If one does want to learn about how beautiful and melodic and rythmic German language can sound and be, read R.M. Rilke. The outstanding poet of German language to me is not Goethe, for his rhyming I consider to be rather profane, nor is it Schiller or Lessing - but its Rilke for sure.
em2nought
05-13-18, 08:36 AM
But now I think I know where this recent and annoying habit has come from of speakers beginning their English sentences with the word "so".... Germans have been doing it for centuries, beginning with the word "also" (pronounced ahl-zo). I think it somehow found its way into the 'American' language and thence to English more generally.
I blame this guy. :D
https://medialifecrisis.com/files/images/articles/201509-Popgap/Stalag-17-1953/Stalag-17-1953-01-22-50.jpg
Rockstar
05-13-18, 09:36 AM
So, as a youngster I lived in Minnesota and Wisconsin. It was common 'up Nort' to ask another "do you want to come with"? The phrase 'come with' is a direct translation from German and Scandinavian languages ending with a preposition. When I moved to the southern states. People thought the question strange and naturally would ask what do you mean come with? Come with who or come with what?
Also, southerners looked at me like I was from mars when instead of salt and pepper I put sugar, cinnamon and butter on my grits. What could I say it looked like rommegraut to me. :D
Skybird
05-13-18, 10:43 AM
Also, southerners looked at me like I was from mars when instead of salt and pepper I put sugar, cinnamon and butter on my grits.
Put sugar, cinnamon and butter on roasted plums, and they will love you. ;)
Grits with hearty, salty seasoning indeed is more uncommon in Germany, siuch food usually gets a sweet seasoning.
However: cook oats in milk and cream, season it with chicken broth instant powder and some vegetables like carrot, celery and garden leek, and then the clou: add dry powder "Schabzigerklee" (trigonella caerulea, I do not know the English name for it, maybe gipsy clover or bread clover?) to it.
Make sure you don't get bitten when serving it. :D Guests tend to turn wild when smelling it, it often ends with them starting to fight over the last portions. :D And be cautious when using it, if you get it on your skin, the scent will stay for many hours to come, it smells good but very intense. Its hard to wash it off.

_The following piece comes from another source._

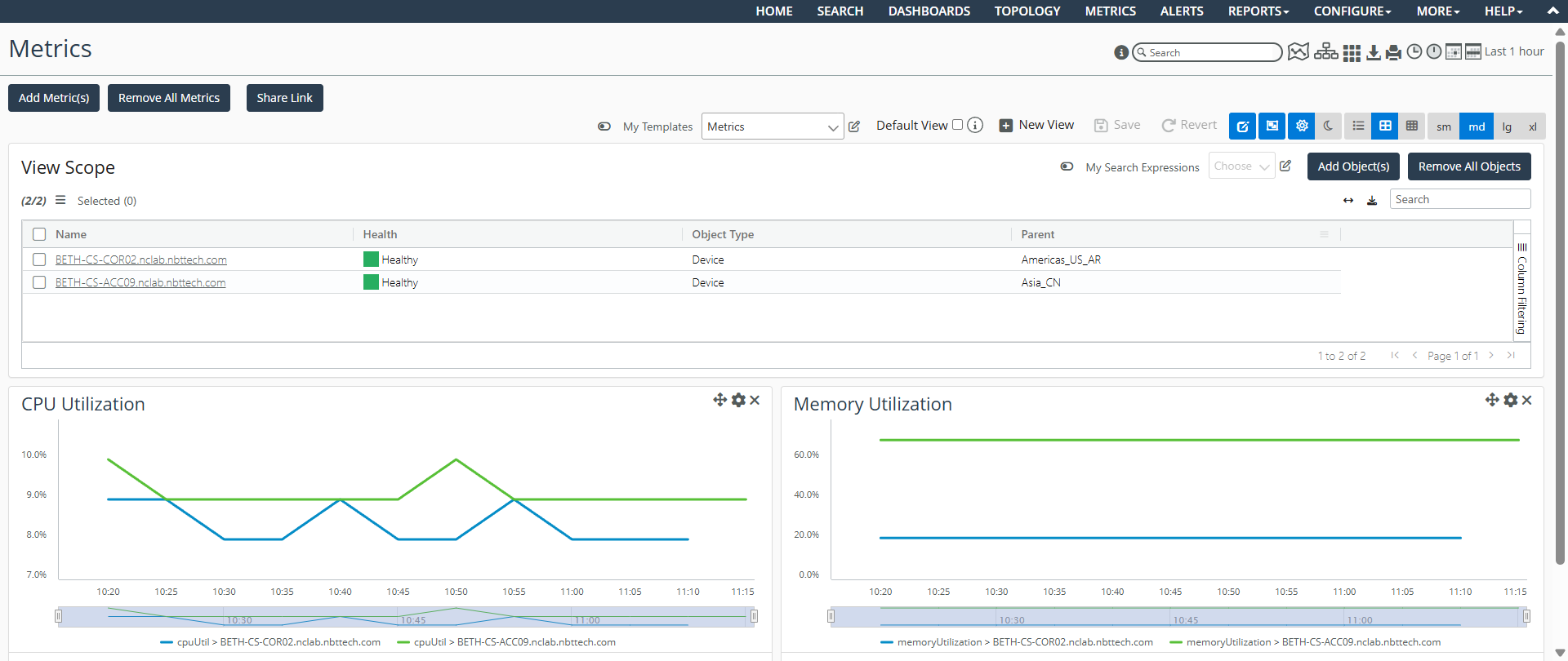 To launch the Metrics page, choose Metrics on the menu bar. A selection of metrics are immediately available in the Metrics page.

Also, southerners looked at me like I was from mars when instead of salt and pepper I put sugar, cinnamon and butter on my grits. What could I say it looked like rommegraut to me. :D
They probably figured you for a damn Yankee. That's how we eat them up here although we call it "Porridge".
My second ex and ger mother spoke German almost exclusively and, to me, even the exchange of niceties had the tinge of the angry or argumentative...
I have sometimes wondered if there was a German verison of Wheel Of Fortune in the Fatherland...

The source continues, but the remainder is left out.